My "prinsip-prinsip seorang ahli farmasi teladan" are simple enough:
- Every decision I make is with the customer's benefit and well-being as priority,
- I would not recommend the customer to do / get something that I would not do / use myself, and
- I would not sell the customer short or try to take advantage of the customer for the sake of profit.
So what made me so mad today??? This customer came in with a medication he was dispensed with earlier, which he had paid for, and he demanded to know why he paid a higher price than that stated on the sticker. The price stated on the sticker refers to the amount paid by the patient that would contribute towards the safety net amount, which is a limit to the amount of money a patient has to pay in a calendar year for government-subsidised medications. Once the safety net limit is reached, the patient pays a much lower price for each government-subsidised medication. Amounts contributable towards the safety net amount do not include "extras"; for instance, a brand price premium of a few dollars paid by the patient to the manufacturer of a market-leader brand (the brand that first come out into the market) as "royalty" for the research and development of manufacturing a market leader.

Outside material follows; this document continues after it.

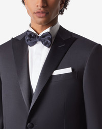 Our S130 wool twill tuxedo features a classic fit. The S130 quality of our wool guarantees an extra-fine yarn that has been spun several times, making the fabric lighter, stronger and softer to the touch, suitable for all seasons.||In the two-button single breasted jacket, the elegant pointy lapels feature a satin finish: a precious detail that also enhances the welt pockets and fully covered buttons. The pleat-less trousers feature a clean fit that perfectly suits the leg. Ideal complement to the Men’s formal suit is a classic collar shirt or a tuxedo shirt, and the unmissable satin bow tie. DETAILS AND MATERIALS - Lined three-piece tuxedo with single breasted two-button jacket made from 100% S130 wool twill - Made in Italy - Drop 7 - Satin pointy lapels - Lapel width 7.6 cm - Satin welt pocket on the sides - Jacket length at rear 74 cm - Double rear slit - Satin covered buttons - 4-button waistcoat - No-pleat trousers - Slanted pockets - Trouser bottom width 19 cm FIT & WASHING - Fit The suit has a classic fit. The model is wearing a size 50 (IT). Model measurements: height 187cm, chest 91 cm, waist 72cm, hips 92 cm. - Washing Gentle dry clean. Do not bleach. Do not tumble dry. The garment can be steam or dry ironed at a low temperature (110 °C).
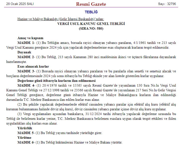 Borsada rayici olmayan yabancı paralar ile senetli, senetsiz alacakla borçların değerlemesinde 2024 yıl sonu itibarıyla uygulanacak kurlar belirlendi.

It sounds confusing enough for me to explain it, what more for the customer to understand it. I have tried a few times to explain a brand price preimum to customers, and sometimes I get the customers so flustered I often wonder why I bothered in the first place. So when this particular customer told me he didn't understand what I was trying to tell him, I almost empathised with him. ALMOST I say. Why is that??? If the customer had one ounce of decency to tell me politely, even impatiently, that he didn't understand, I would have been more than willing to try to explain it a little better. NOOOOOOOOOOOO... he had to act as if he was starring in this HK TVB series, as if he's haggling prices of ikan masin at the pasar, complete with the confrontational hand gestures and imperious tone (I have money ah, I want to buy your salted fish for $3.23 dollar less, you REFUSE ah??? Then you don't sell salted fish lah... I DONATE the $3.23 to you to sell your stall and take up residence in some rumah atap in the kampung you came from). He even accused me "You mark-up the prices gah???"
Seriously, my pay is so bad and I don't get extra from extorting the measly $3.23 from you, what makes you think that I would derive any sick pleasure from robbing you of your hard-earned "coffin money"??? I also thought to myself that why raise your already high blood pressure over something so trivial when we would have settled this calmly??? Seriously some people just don't know how to take better care of themselves.
You've got your principles on how to settle a dispute like an ahli kongsi hitam, and I've got my principles to treat customers with respect, even when they can't seem to tell the difference between respect and something floating in the sewers.
I then told him that he could get the cheaper brand of the same medication for $3.23 less, provided that the doctor had not indicated that brand substitution was not permitted. His eyeballs nearly fell out of their sockets when he asked me "You mean the doctor said that cannot change brands???"
I was on the edge of my patience. I checked his script, and told him the doctor has allowed for brands to be changed, and I asked him if wanted the cheaper brand. He asked if they were exactly the same. I said yes, and he said, "Well, what are you doing to do about it?" More hand gestures.
DEEP BREATH. "I am going to change the brand over. It will take a few minutes.". He even thought that I was going to just refund him the $3.23 but let him keep the branded medication. I really had to take ANOTHER DEEP BREATH before repeating that I had to swap the more expensive brand over to the cheaper brand before I could refund him his money.
With him obviously satisfied, he sat down and good-naturedly chatted with his friend whilst waiting for me to fix things up. Oh ho... so we could be friendly and amiable to our friends, but when it comes to the pharmacy graduate, we need to show her who's the boss, do we? We need to display hand gestures as if we're ready to take the graduate down with a parang if she refuses to refund the money, do we?
Well, I wish him all the best in his future undertakings with the victim he makes of the next pharmacy graduate he crosses paths with. It most definitely would not be me.